Add Barack Obama to the long list of statesmen who couldn’t solve the Riddle of the Sphinx. For a while last week it looked like a miracle was happening: The United States was on the verge of doing right and doing well at the same time. After stumbling initially, the administration openly warned the Egyptian army and government not to slaughter the protesters. It also started lining up behind the Egyptian people’s demands for a swift transition to a new, more democratic regime. Neo-con lions like Robert Kagan and Elliott Abrams bedded down with liberal internationalist lambs in a”Working Group on Egypt” that called for reforms and Mubarak’s exit, while John McCain and other Republicans offered bipartisan cover for Real Change in the world’s oldest civilization.

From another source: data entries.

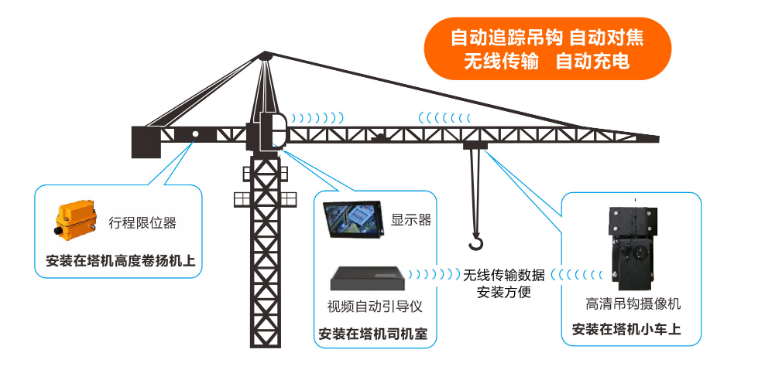 將攝像機(jī)安裝在塔式起重機(jī)大臂的最前端或者吊鉤上方,拍攝區(qū)域不會(huì)被其它物體遮擋,鏡頭可自動(dòng)追蹤吊鉤,自動(dòng)對(duì)焦,司機(jī)可清晰的看到拍攝畫(huà)面,根據(jù)拍攝畫(huà)面自主判斷吊裝情況,結(jié)合信號(hào)員的引導(dǎo)達(dá)到雙保險(xiǎn)的效果。
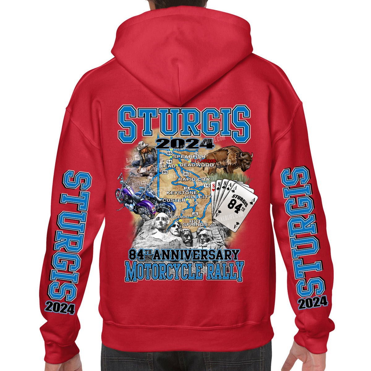 2024 Sturgis Motorcycle Rally Black Hills Map Pullover Hoodie
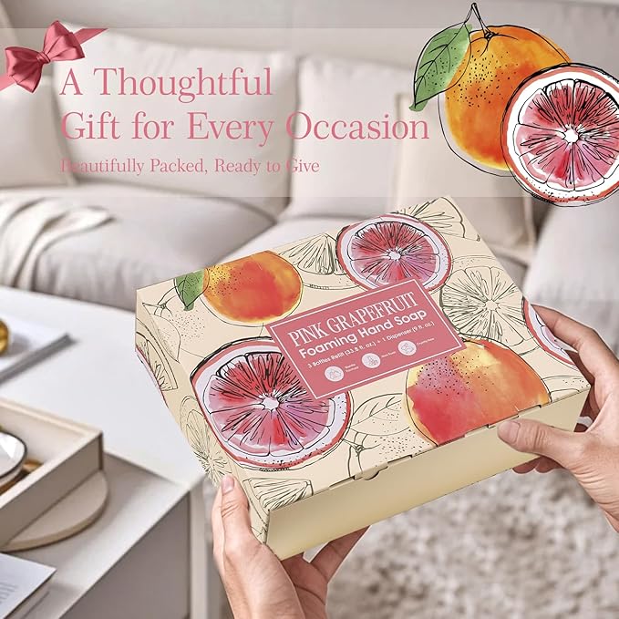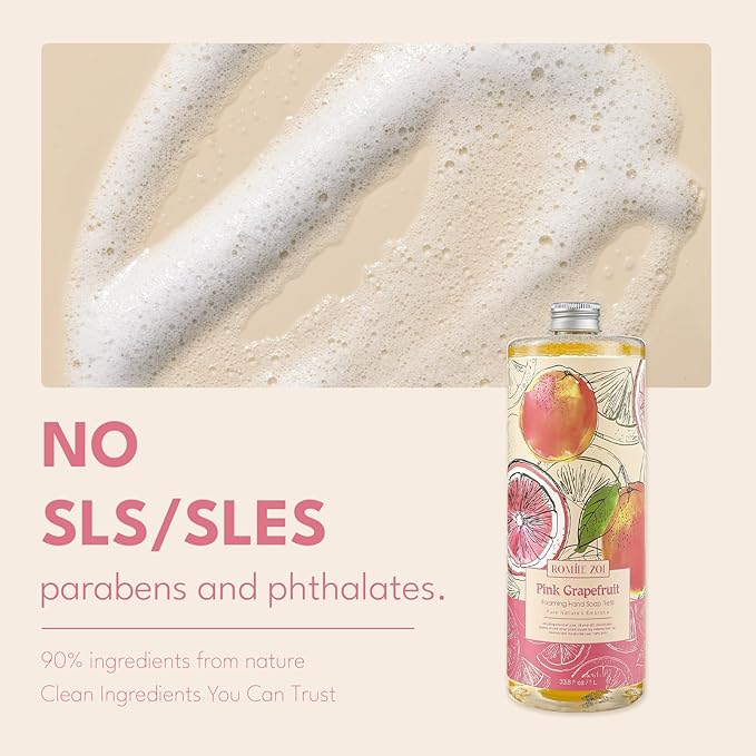 - 【Refreshing Scents Collection】Brighten your day with the crisp, juicy aroma of Pink Grapefruit. Infused with natural grapefruit extract, this foaming hand soap delivers a light, skin-loving lather that gently cleanses without drying. A refreshing boost that’s as uplifting as it is eco-conscious.
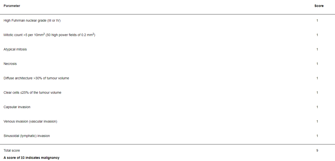 (iii) at least one of the following features: convoluted nuclei, mitotic count ≥ 3 per 2 mm2, tumour necrosis;
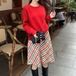 【2点セット】フリルリボンブラウス+チェック柄レースヘムスカート ・75250
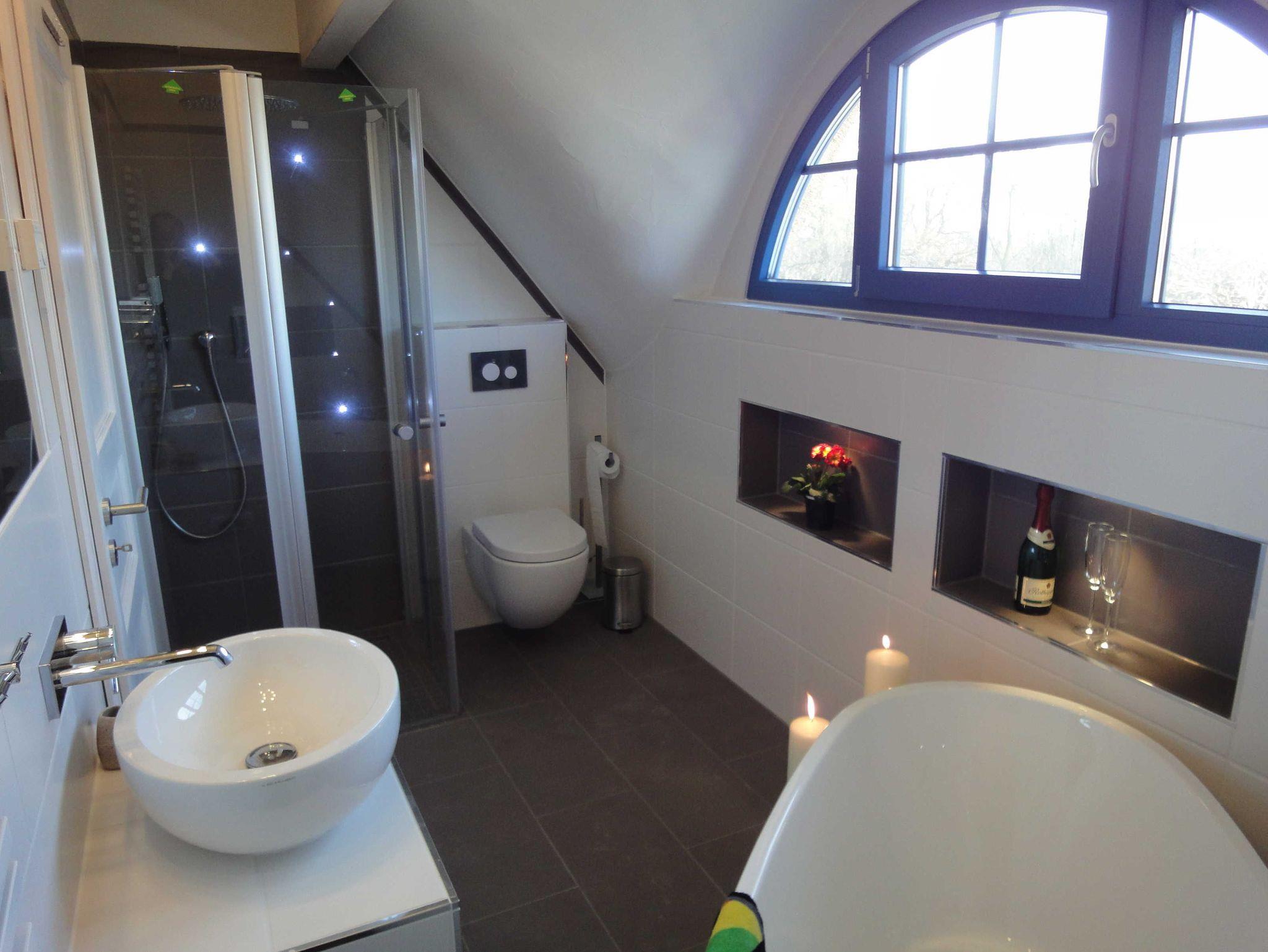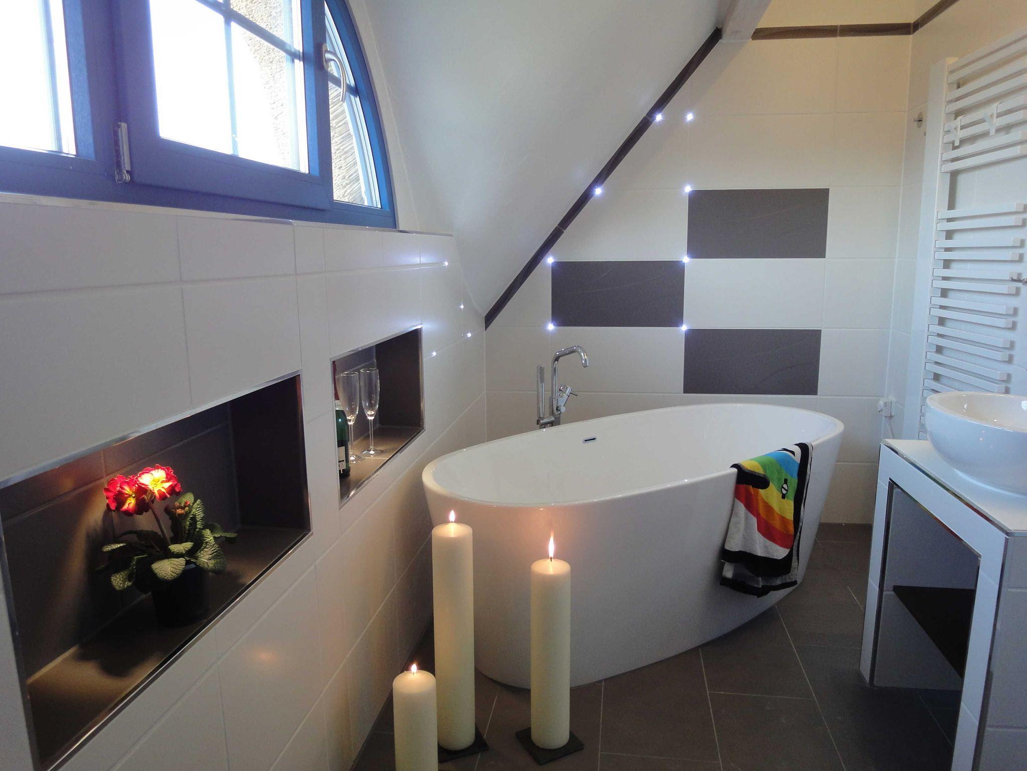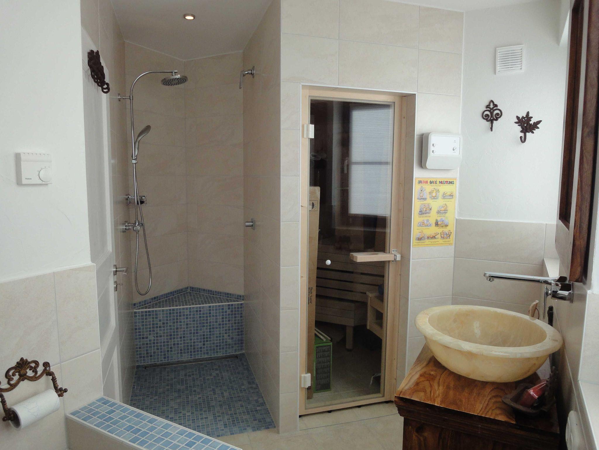 Zu romantischen Abenden lädt auch die freistehende Badewanne im Kerzenschein in einem der Bäder ein, oder lassen Sie sich vom eiskalten Brauseschwall nach der Sauna im unteren Bad erfrischen.
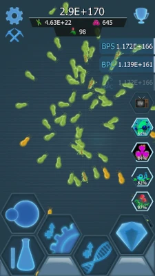 Ontdek een diepgaand evolutiesysteem dat je kolonies naar ongekende hoogten tilt. Ontgrendel tientallen krachtige upgrades en strategische verbeteringen die de productiviteit en veerkracht van je bacteriën vergroten. Voer grensverleggend onderzoek uit naar nanotechnologie om de sterkste vijanden te neutraliseren en zeldzame mineralen te ontginnen die de mutatie van je organismen versnellen. De strijd is eindeloos, want steeds evoluerende superbacteriën dagen je uit en houden het spel dynamisch en fris. Verdien tal van prestaties terwijl je nieuwe mijlpalen bereikt in je zoektocht naar absolute suprematie.
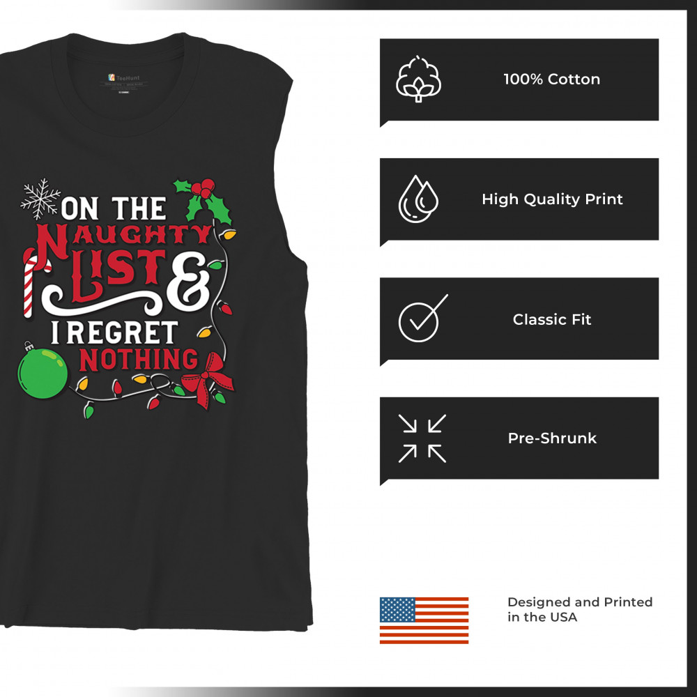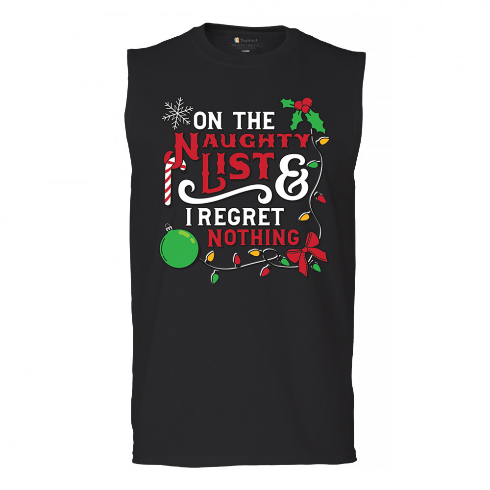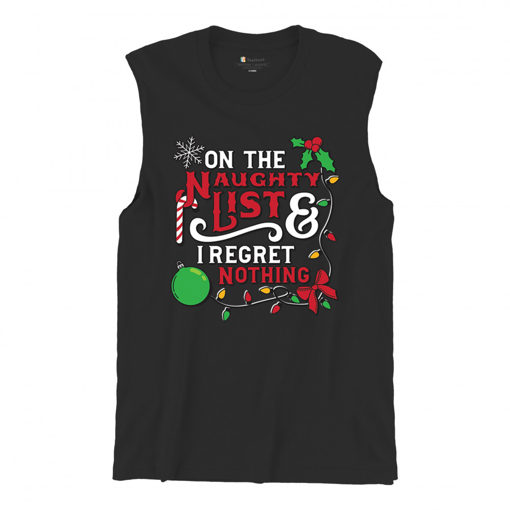 Celebrate the holidays with the playful “Naughty List & I Regret Nothing†design. Perfect for festive gatherings, ugly sweater parties, and holiday fun!
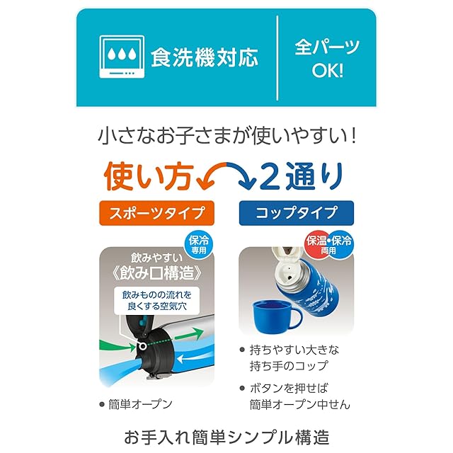 保温効力:(中せん使用時)72℃以上(6時間)/ 保冷効力:(キャップユニット使用時)9℃以下(6時間)

But by Saturday, February 5, the wheels started coming off. With oil prices threatening the anemic global recovery and commodity prices soaring, the President dialed up leaders of the Persian Gulf states for whom the aging Egyptian leader is Mummy Dearest. As the world watched in astonishment, Frank Wisner, a veteran US diplomat who now works with a major Washington law firm that represents major Egyptian business and government interests, calmly advised the Munich Security Conference that Mubarak should stay on for a while. The hapless State Department responded by being against it before the White House and other NATO leaders all came out for it.

Now with the whole world watching, Mubarak’s American (and Soviet – the Cold War is truly over) trained intelligence chief now presides over the “democratic transition” as Mubarak holds on.

It’s always dangerous if you lose your compass amid the desert sands. But for the White House to lose its moral compass now is potentially catastrophic. The President is already bent on one Mission Impossible in Afghanistan, a land that Alexander the Great couldn’t conquer. Now he’s trying again in a place that Napoleon couldn’t hold.

A foreign exchange crisis lies immediately ahead, as food prices keep rising. If the security police or the army turns Cairo’s streets and squares into the Valley of the Dead, the harm to both Egypt and U.S. interests will be incalculable. In the longer run, the confidence the US reposes in the army as a force for stability may also be misplaced. Vertical and horizontal tensions run deep within a fighting force that is now big business. Better supplement it while you can with a free press, an independent judiciary, a real parliament and an end to repression. In a word: democracy.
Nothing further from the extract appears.